Go West, Moran

A lifetime of painting the country’s natural treasures was this tenderfoot’s destiny

This year is the 125th anniversary of Yellowstone National Park — the first in our huge park system to be established — so it is only fitting that a major exhibition of the paintings of Thomas Moran is traveling the country. Moran, whose watercolors were instrumental in persuading Congress to create the park, came to be known as "Yellowstone" Moran. He first went to Yellowstone with the Hayden Survey, the government's first official expedition to that part of the country, in 1871. Throughout his long life, he returned West many times, bringing his romantic vision to the Grand Canyon, Zion Canyon, the Tetons and many other spectacular vistas. But the Yellowstone's canyon remained the turning point of his life. Decades later, he would write of "its hold on my imagination with a vividness as of yesterday."

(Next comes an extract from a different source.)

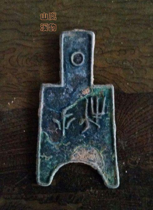笔者将所藏一品平首桥足青铜布《分布》遣上博来,予以展赏。此布铸制异常精整,钱面地章平整,外廓缘线流畅峻秀,钱首、钱穿、钱文、钱足,在钱面布局的黄金比例,看上去十分舒爽;币体裹馥生坑美绣,蓝绿斑斓,自然天成;钱文“分布”古篆书,把钱币转180度,首足倒置,自右而左读”分布”,笔画遒劲,流畅隽永。其币美制、美文、美绣,清爽靓丽,令人赏心悦目,堪称小型桥足布中的巅峰之作。这种小币值、小形制的平首桥足布,存世及其稀少,实属古泉珍品
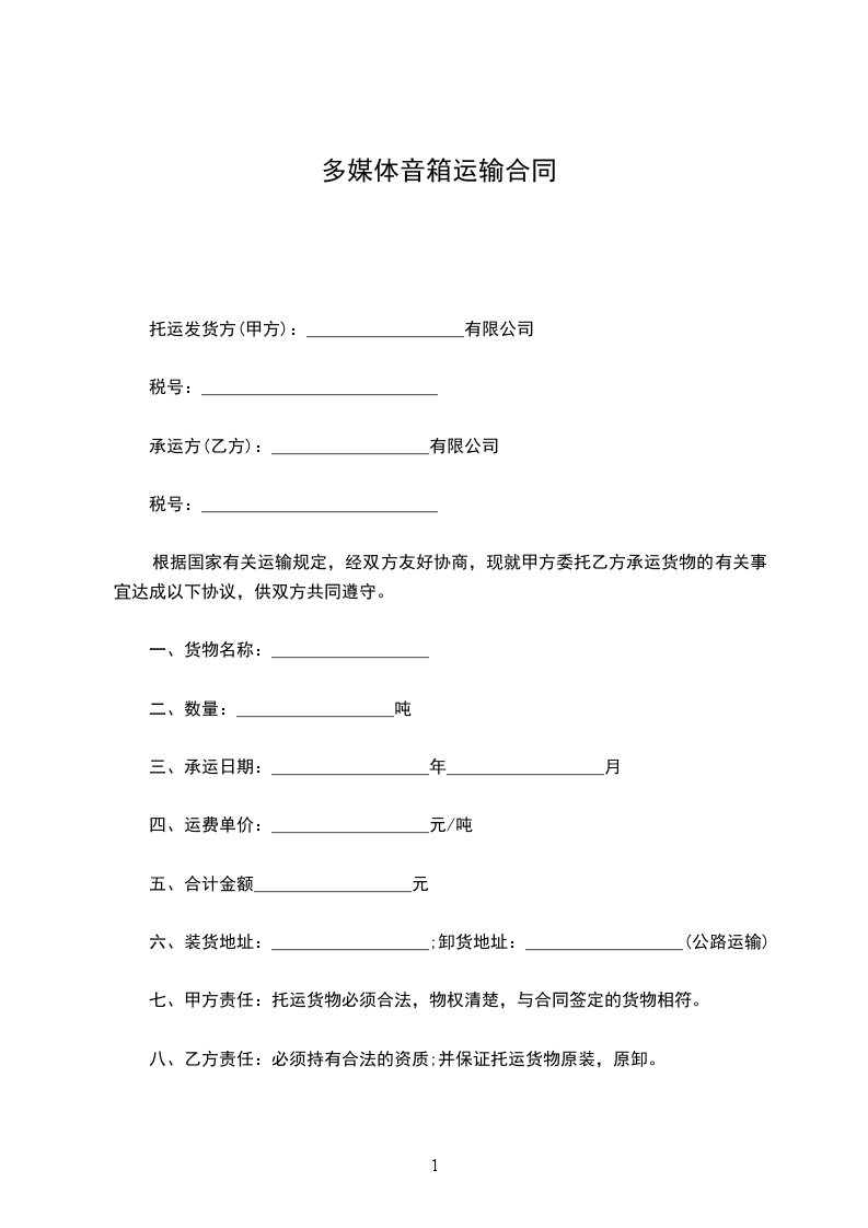 八、乙方责任:必须持有合法的资质;并保证托运货物原装,原卸。

Moran envisioned his three major oil paintings from these trips — Grand Canyon of the Yellowstone, Chasm of the Colorado (the Grand Canyon), and Mountain of the Holy Cross (in the Colorado Rockies) — as a triptych; but they never have been hung together until this exhibition. On view at the National Gallery of Art until January 11, 1998, the "Thomas Moran" show will travel to the Gilcrease Museum in Tulsa and the Seattle Art Museum.